→ DATA TO USE:
<<<<

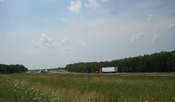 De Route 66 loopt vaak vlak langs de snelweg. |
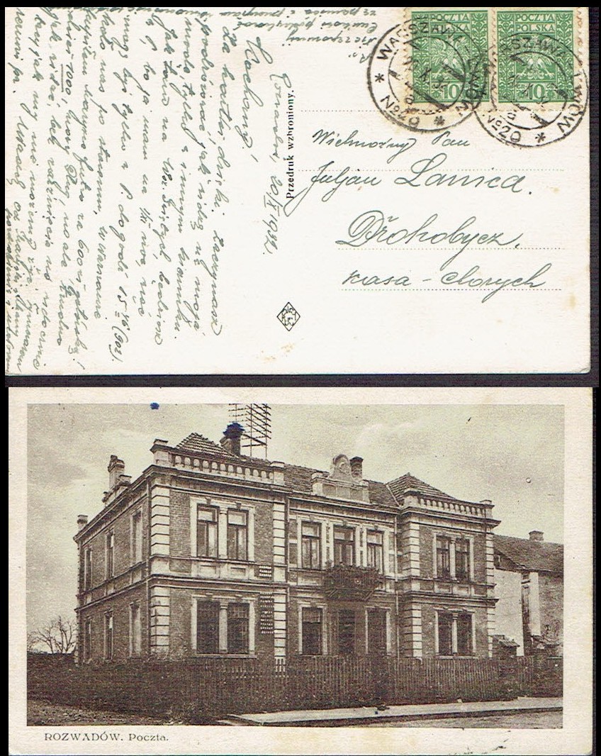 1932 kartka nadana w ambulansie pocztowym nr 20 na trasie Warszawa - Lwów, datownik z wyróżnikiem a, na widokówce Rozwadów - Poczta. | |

>>>>
<<<<

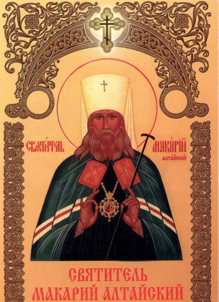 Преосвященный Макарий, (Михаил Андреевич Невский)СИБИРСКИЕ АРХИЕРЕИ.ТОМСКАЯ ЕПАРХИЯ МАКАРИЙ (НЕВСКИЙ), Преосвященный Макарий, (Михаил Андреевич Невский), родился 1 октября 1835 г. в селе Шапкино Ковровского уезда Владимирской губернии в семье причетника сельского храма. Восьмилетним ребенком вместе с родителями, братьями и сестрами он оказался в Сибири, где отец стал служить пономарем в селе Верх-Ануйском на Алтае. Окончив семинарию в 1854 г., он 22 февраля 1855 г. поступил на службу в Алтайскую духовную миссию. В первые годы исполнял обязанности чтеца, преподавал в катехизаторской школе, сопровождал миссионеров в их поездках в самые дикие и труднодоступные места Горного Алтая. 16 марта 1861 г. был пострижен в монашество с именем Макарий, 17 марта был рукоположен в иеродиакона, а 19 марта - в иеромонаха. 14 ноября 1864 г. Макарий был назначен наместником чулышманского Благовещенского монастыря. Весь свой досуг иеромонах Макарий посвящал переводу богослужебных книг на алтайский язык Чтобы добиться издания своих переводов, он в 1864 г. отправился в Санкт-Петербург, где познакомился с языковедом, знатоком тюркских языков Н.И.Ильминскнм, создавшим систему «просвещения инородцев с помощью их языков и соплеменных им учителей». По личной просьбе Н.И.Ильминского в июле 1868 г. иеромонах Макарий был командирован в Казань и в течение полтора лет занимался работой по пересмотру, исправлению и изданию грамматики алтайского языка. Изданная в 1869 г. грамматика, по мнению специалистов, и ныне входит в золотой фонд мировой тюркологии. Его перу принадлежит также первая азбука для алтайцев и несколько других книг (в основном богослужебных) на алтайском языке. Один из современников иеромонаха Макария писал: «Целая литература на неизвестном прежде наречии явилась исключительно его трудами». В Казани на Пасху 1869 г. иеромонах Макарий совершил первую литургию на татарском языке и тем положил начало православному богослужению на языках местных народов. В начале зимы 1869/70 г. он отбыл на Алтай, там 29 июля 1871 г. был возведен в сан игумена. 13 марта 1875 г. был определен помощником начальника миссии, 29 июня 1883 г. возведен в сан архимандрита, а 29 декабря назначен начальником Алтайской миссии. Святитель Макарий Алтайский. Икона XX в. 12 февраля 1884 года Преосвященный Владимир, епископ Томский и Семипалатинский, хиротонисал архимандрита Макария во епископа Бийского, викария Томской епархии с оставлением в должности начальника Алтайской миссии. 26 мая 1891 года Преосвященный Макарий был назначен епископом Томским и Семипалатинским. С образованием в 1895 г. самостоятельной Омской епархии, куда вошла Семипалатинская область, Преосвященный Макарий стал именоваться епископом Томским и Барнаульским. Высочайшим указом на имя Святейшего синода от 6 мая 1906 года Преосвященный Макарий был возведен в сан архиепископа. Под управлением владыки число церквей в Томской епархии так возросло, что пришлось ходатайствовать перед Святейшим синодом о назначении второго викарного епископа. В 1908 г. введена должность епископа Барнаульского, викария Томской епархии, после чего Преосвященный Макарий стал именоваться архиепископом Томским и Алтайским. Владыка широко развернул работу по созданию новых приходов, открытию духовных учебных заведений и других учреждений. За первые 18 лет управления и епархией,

>>>>

→ WORK TASK: Copy only the lines above from the one containing "De Route 66" through the one containing "1932 kartka nadana", both included. Leave out the pictures.

→ TASK SOLUTION:
 De Route 66 loopt vaak vlak langs de snelweg. |
 1932 kartka nadana w ambulansie pocztowym nr 20 na trasie Warszawa - Lwów, datownik z wyróżnikiem a, na widokówce Rozwadów - Poczta. | |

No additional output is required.